1 Recommender systems

1.1 The basic idea

“You may also like”, “Customers also bought”, feeds in social media, …

Generically, two stages:

  • Predict some outcome for user / item interactions
    • Ratings (a la Netflix)
    • Purchases
    • Clicks
    • “Engagement”
  • Maximize the prediction
    • Don’t bother telling people what they won’t like
    • (Usually)
  • Subtle issues with prediction vs. action which we’ll get to next time

1.2 Very simple (dumb) baselines

  • The best-seller / most-popular list
    • Prediction is implicit: everyone’s pretty much like everyone one else, use average ratings
    • We’ve been doing this for at least 100 years
    • Good experimental evidence that it really does alter what (some) people do (Salganik, Dodds, and Watts 2006; Salganik and Watts 2008)
  • Co-purchases, association lists
    • Not much user modeling
    • Problems of really common items
      • (For a while, Amazon recommended Harry Potter books to everyone after everything)
    • Also problems for really rare items
      • (For a while, I was almost certainly the only person to have bought a certain math book on Amazon)
      • (You can imagine your own privacy-destroying nightmare here)

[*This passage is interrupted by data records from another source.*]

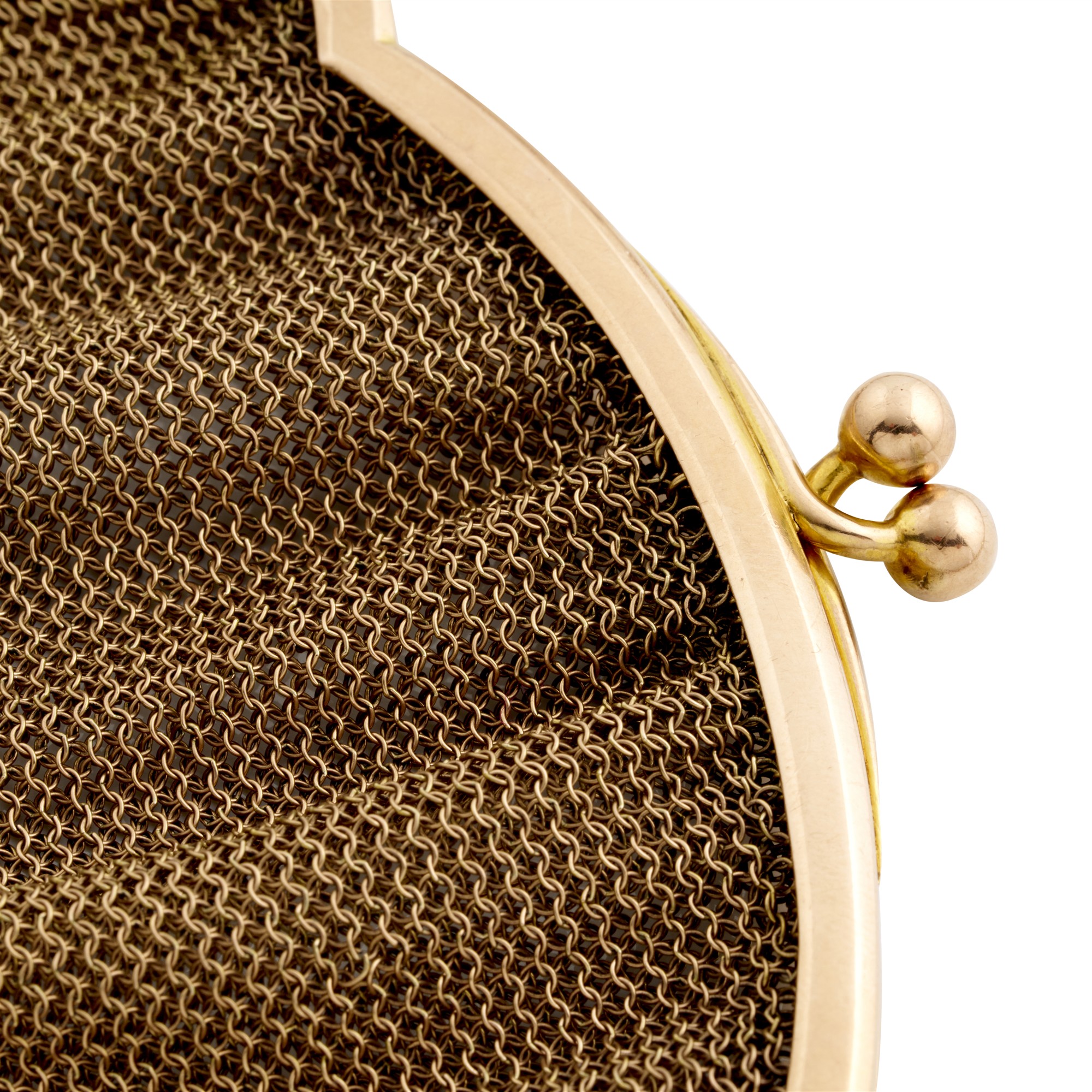 Styled in mesh link, to a structured top and elongated 7ct gold link chain handle, length 140mm, width 150mm, gross weight approximately 150 grams.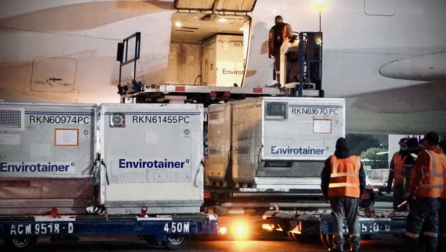 La madrugada de este lunes, llegó al Aeropuerto Internacional de Ciudad de México (AICM) un nuevo embarque de vacunas anticovid.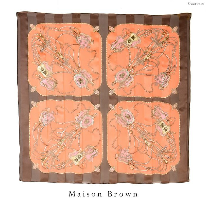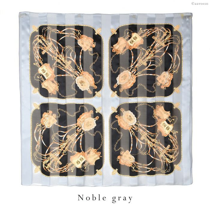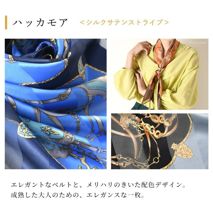 ハッカモア シルクサテンストライプスカーフ 日本製 横浜スカーフ ベルト 大判 グレー ブラウン ネイビー 茶 紺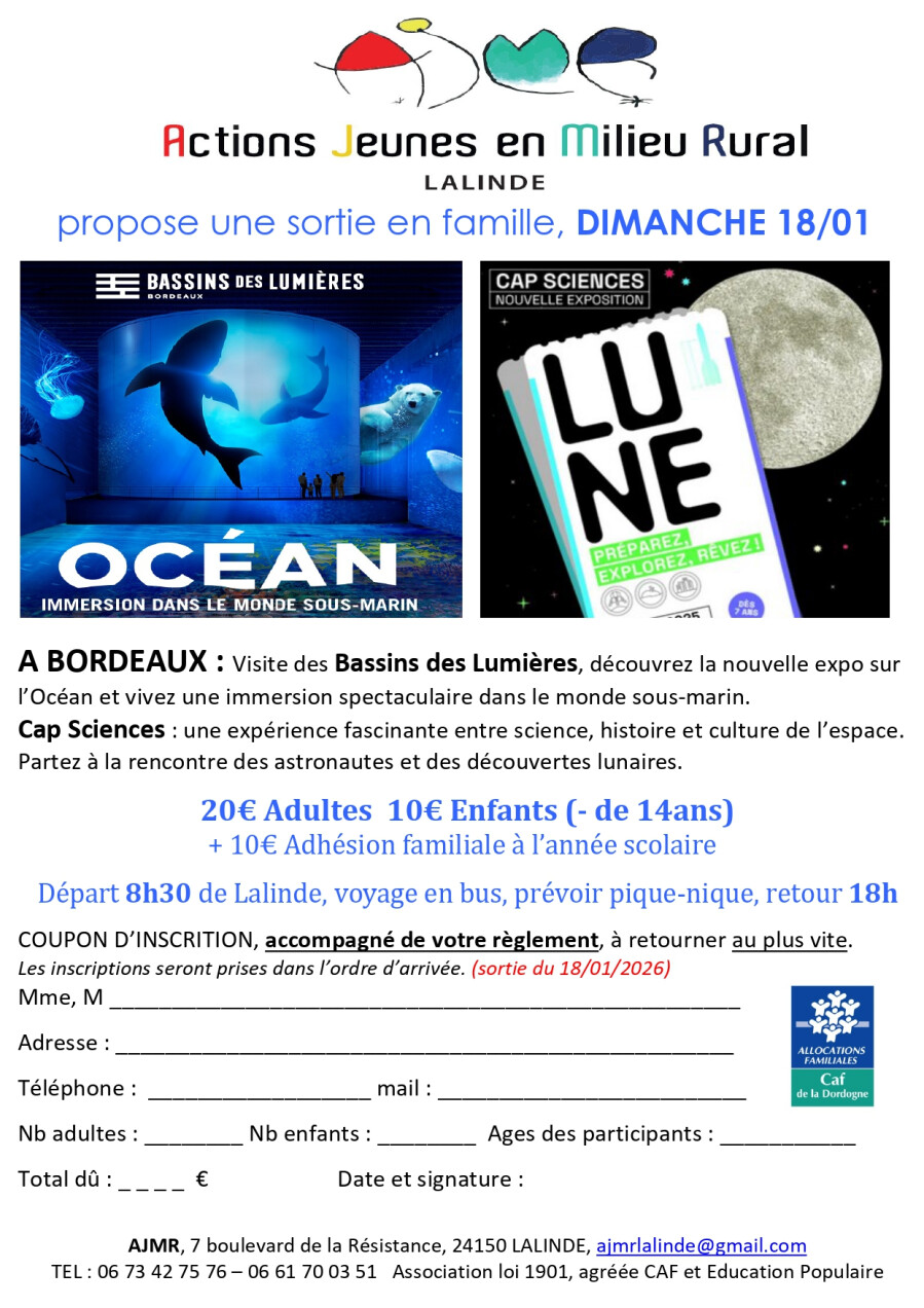 Départ 8h30 de Lalinde, voyage en bus, prévoir pique-nique, retour 18h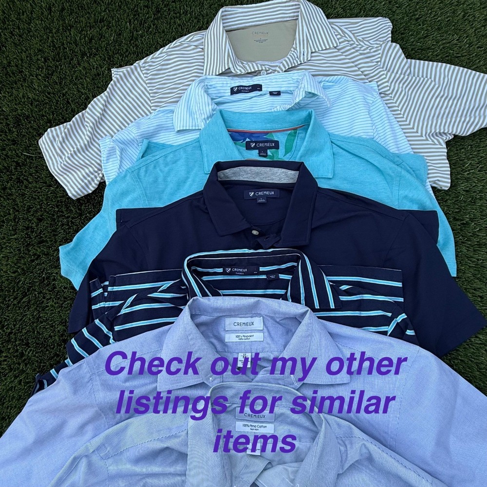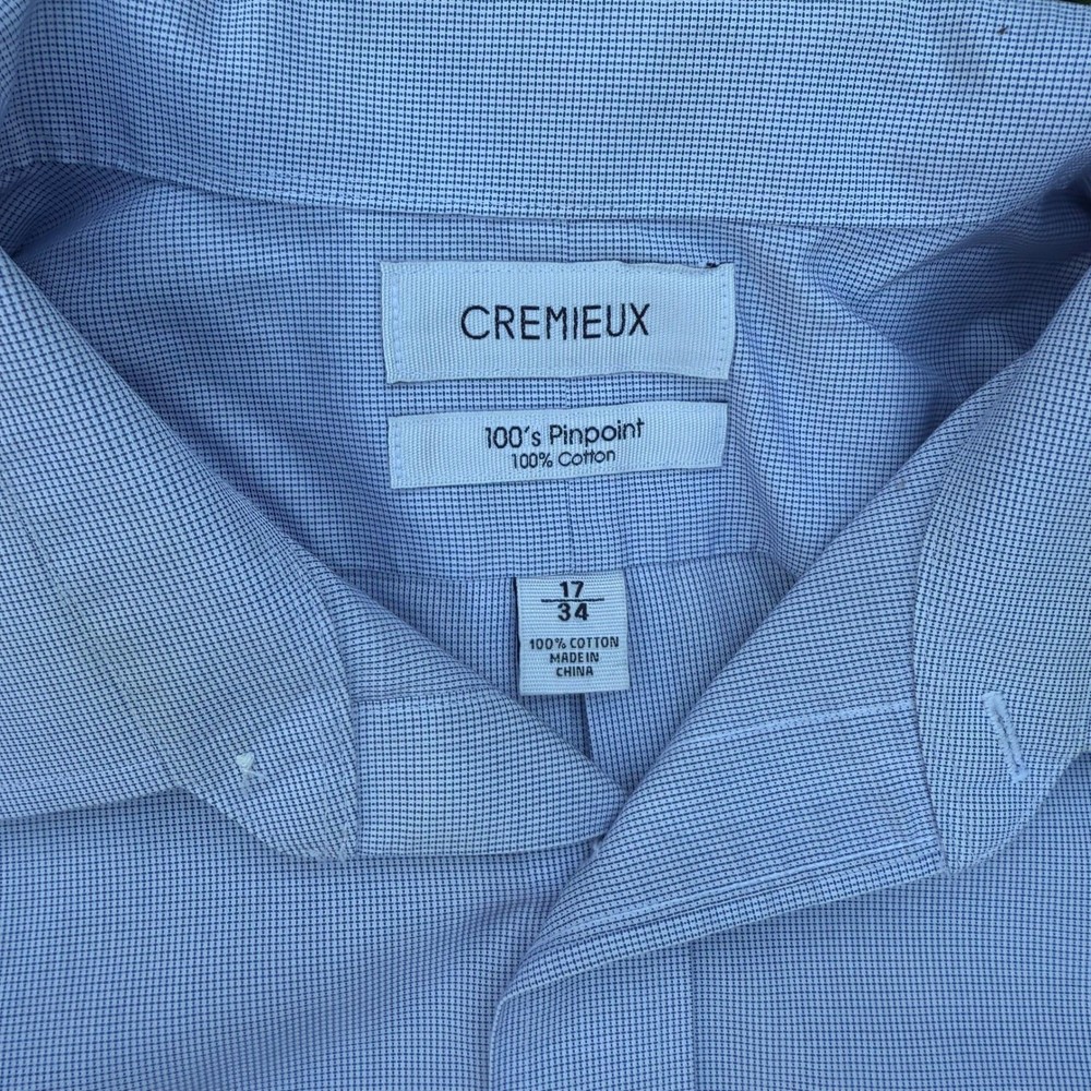 CREMIEUX 100s Pinpoint 100% Cotton dress shirt in light blue. This long-sleeve button-up shirt features a classic collar, a single chest pocket, and adjustable button cuffs. The pinpoint weave offers a subtle texture for a polished look. Measurements: • Neck: 17 in • Sleeve Length: 34 in Department: Men Neck Size: 17 in Fit: Classic Sleeve Length: Long Sleeve Type: Dress Shirt Pattern: Pinstripe Collar Style: Point Material: 100% Cotton Top Cuff Style: Barrel Cuff Features: Pockets Neckline: Collared Closure: Button Fabric Type: Woven Accents: Button Occasion: Business, Workwear Chest Size: 41 in Keywords: CREMIEUX, dress shirt, pinpoint, cotton, button-up, long sleeve, men's, business casual, workwear, classic, tailored Item is preowned, effort has been made to ensure all flaws are displayed photos serve as additional description Sizing varies by manufacturer and time period, please see measurements.

2 Common approaches: nearest neighbors, matrix factorization, social recommendation

  • Nearest neighbors
    • Content-based
    • Item-based
  • PCA-like dimension reduction, matrix factorization
  • Social recommendation: what did your friends like?

2.1 Nearest neighbors

2.1.1 Content-based nearest neighbors

  • Represent each item as a \(p\)-dimensional feature vector
    • Appropriate features will be different for music, video, garden tools, text (even different kinds of text)…
  • Take the items user \(i\) has liked
  • Treat the user as a vector:
    • Find the average item vector for user \(i\)
    • What are the items closest to that average?
  • Refinements:
    • Find nearest neighbors for each liked item, prioritize anything that’s a match to multiple items
    • Use dis-likes to filter
    • Do a more general regression of ratings on features
  • Drawback: need features on the items which track what users actually care about

2.1.2 Item-based nearest neighbors

  • Items are features
  • For user \(i\) and potential item \(k\), in principle we use all other users \(j\) and all other items \(l\) to predict \(x_{ik}\)
  • With a few million users and ten thousand features, want don’t want this to be \(O(np^2)\)
    • Use all the tricks for finding nearest neighbors quickly
    • Only make predictions for items highly similar to items \(i\) has already rated
      • Items are similar when they get similar ratings from different users (i.e., users are features for items)
      • Or even: only make predictions for items highly similar to items \(i\) has already liked

2.2 Dimension reduction

  • Again, items are features
  • Fix a number of (latent) factors \(q\)
  • Minimize \[ \sum_{(i,k) ~ \mathrm{observed}}{\left(x_{ik} - \sum_{r=1}^{q}{f_{ir} g_{rj}}\right)^2} \]
    • \(r\) runs along the latent dimensions/factors
    • \(f_{ir}\) is how high user \(i\) scores on factor \(r\)
    • \(g_{rj}\) is how much item \(j\) weights on factor \(r\)
    • Could tweak this to let each item have its own variance
  • Matrix factorization because we’re saying \(\mathbf{x} \approx \mathbf{f} \mathbf{g}\), where \(\mathbf{x}\) is \([n\times p]\), \(\mathbf{f}\) is \([n\times q]\) and \(\mathbf{g}\) is \([q \times p]\)
  • Practical minimization: gradient descent, alternating between \(\mathbf{f}\) and \(\mathbf{g}\)
  • See backup for a lot more on factor modeling in general, and some other uses of it in data-mining in particular

2.3 Interpreting factor models

  • The latent, inferred dimensions of the \(f_{ir}\) and \(g_{rj}\) values are the factors
  • To be concrete, think of movies
  • Each movie loads on to each factor
    • E.g., one might load highly on “stuff blowing up”, “in space”, “dark and brooding”, “family secrets”, but not at all or negatively on “romantic comedy”, “tearjerker”, “bodily humor”
    • Discovery: We don’t need to tell the system these are the dimensions movies vary along; it will find as many factors as we ask
    • Interpretation: The factors it finds might not have humanly-comprehensible interpretations like “stuff blowing up” or “family secrets”
  • Each user also has a score on each factor
    • E.g., I might have high scores for “stuff blowing up”, “in space” and “romantic comedy”, but negative scores for “tearjerker”, “bodily humor” and “family secrets”
  • Ratings are inner products plus noise
    • Observable-specific noise helps capture ratings of movies which are extra variable, even given their loadings

2.4 Social recommendations

  • We persuade/trick the users to give us a social network
    • \(a_{ij} =\) user \(i\) follows users \(j\)
  • Presume that people are similar to those they follow
  • So estimate: \[ \widehat{x_{ik}} = \argmin_{m}{\sum_{j \neq i}{a_{ij}(m-x_{jk})^2}} \]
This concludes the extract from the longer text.